Pour les architectes, ce nouveau domaine d’activité fut un
véritable défi. Jusqu’à une date récente, les architectes étaient
formés pour créer à partir d’une ‘feuille blanche’, et ils ont dû
s’adapter à une nouvelle approche conceptuelle à partie de
l’existant. L’industrie du bâtiment a été contrainte elle aussi
inventer une façon nouvelle de travailler, fondée sur des savoirfaire propres aux métiers du bâtiment. L’usage presque
systématique du béton armé a ainsi fait place à des approches
plus pertinentes, économes en énergie comme en matériaux.
La qualification des ‘métiers’ du bâtiment fut mieux prise en
compte, avec le développement de spécialités plus ‘nobles’
que celles qui consistent à mélanger du sable, du ciment et de
l’eau.
« L’espace est le privilège de l’architecture », selon Bruno Zévi
(1). Dans l’architecture industrielle, c’est l’espace interne qui
prédomine, plus que la forme, le volume. Les architectes ont
ainsi l’opportunité de faire acte de création dans des espaces
préexistants, offerts à leur imagination, et c’est une fabuleuse
opportunité pour eux. Il est tentant de vouloir remplir un grand
espace quand il existe, mais cela nous semble être une grave
erreur (1). Au contraire il convient de mettre en adéquation un
programme et un espace de façon à ce qu’il existe une relation
harmonieuse entre les deux. Car parcourir une espace
industriel reconverti est une expérience spatiale exceptionnelle,
qui donne tout son sens à l’architecture.
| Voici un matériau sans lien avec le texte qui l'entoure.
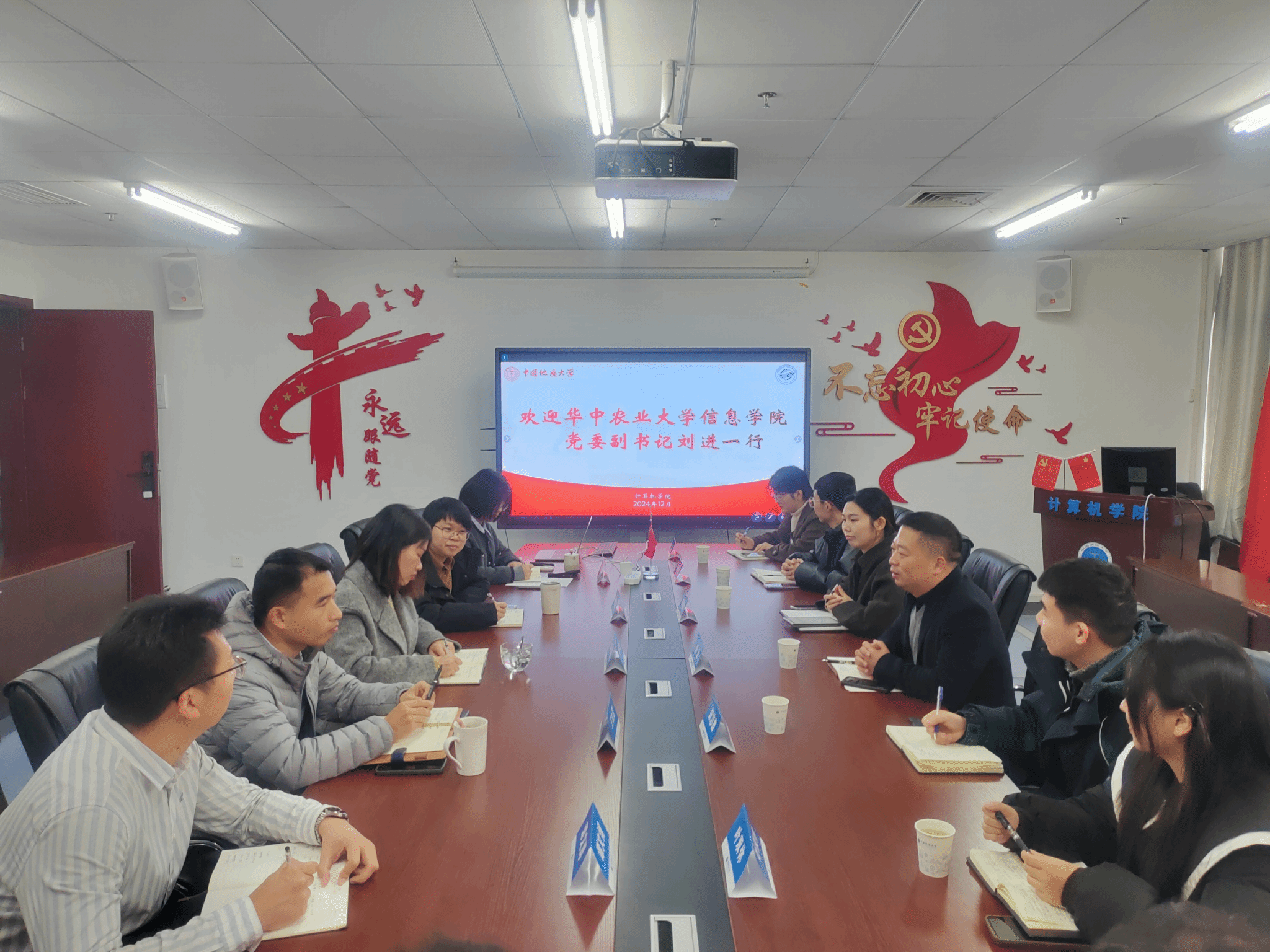 12月12日上午,华中农业大学信息公司党委副书记刘进一行来院调研交流员工工作,公司党委副书记林小艳和学工组辅导员参加座谈交流。

Ré-inventer l’architecture industrielle est une façon de
concevoir à partir de ce qui existe, et l’on peut tenter un
parallèle avec la sculpture. Celle-ci est en effet intimement liée
à la matière et à des configurations pré-existantes. Comme le
sculpteur, qui doit s’imprégner des caractéristiques physiques
du matériau qu’il façonne, l’architecte qui transforme un édifice
doit l’analyser, se familiariser avec ses structures et identifier
ses potentiels avant d’imaginer sa transformation. Ainsi une
œuvre architecturale, comme une œuvre d’art, peut ne rien
avoir en commun avec ce dont elle est issue, et cependant elle
est une création authentique. Nous citerons pour exemple le
‘Tête de taureau’ de Pablo Picasso, constituée d’une selle de
vélo et d’un guidon (Musée Picasso), ou ‘Le Paysage de la
France’ de Man Ray (Musée d’Art Moderne, Centre Georges
Pompidou), peint sur une copie d’un tableau de Cabanel, la
Naissance de Vénus (Musée d’Orsay).
Philippe Robert
(1)
c’est le cas de la Corderie Royale de Rochefort,
fabuleux espace de 374 mètres, aujourd’hui
fâcheusement ‘rempli’ par des étages de bureaux.
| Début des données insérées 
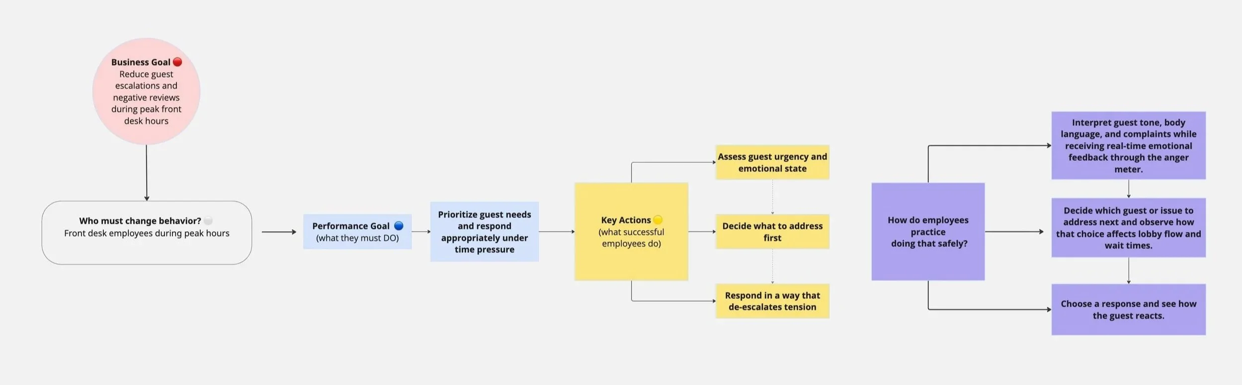 Rather than designing content around policies, I began by identifying the critical moments where front desk decisions most often lead to guest escalation. Using action mapping, I focused on what employees must do differently during peak hours such as prioritizing guest needs, choosing when to intervene, and deciding how to respond when emotions run high.

Philippe Robert est architecte et urbaniste. Avec son associé Bernard Reichen il propose dès
les années 80 le principe de reconversion, reconnue aujourd’hui comme essentielle dans la
perspective du développement durable. Respectant l’identité des ouvrages, il fait dialoguer
l’ancien et le nouveau : Grande Halle de la Villette à Paris, siège de Nestlé dans l’ancienne
chocolaterie Menier à Noisiel, projet urbain pour l’Ile Seguin à Boulogne-Billancourt (non
réalisé), Cité du cinéma de Luc Besson à Saint-Denis.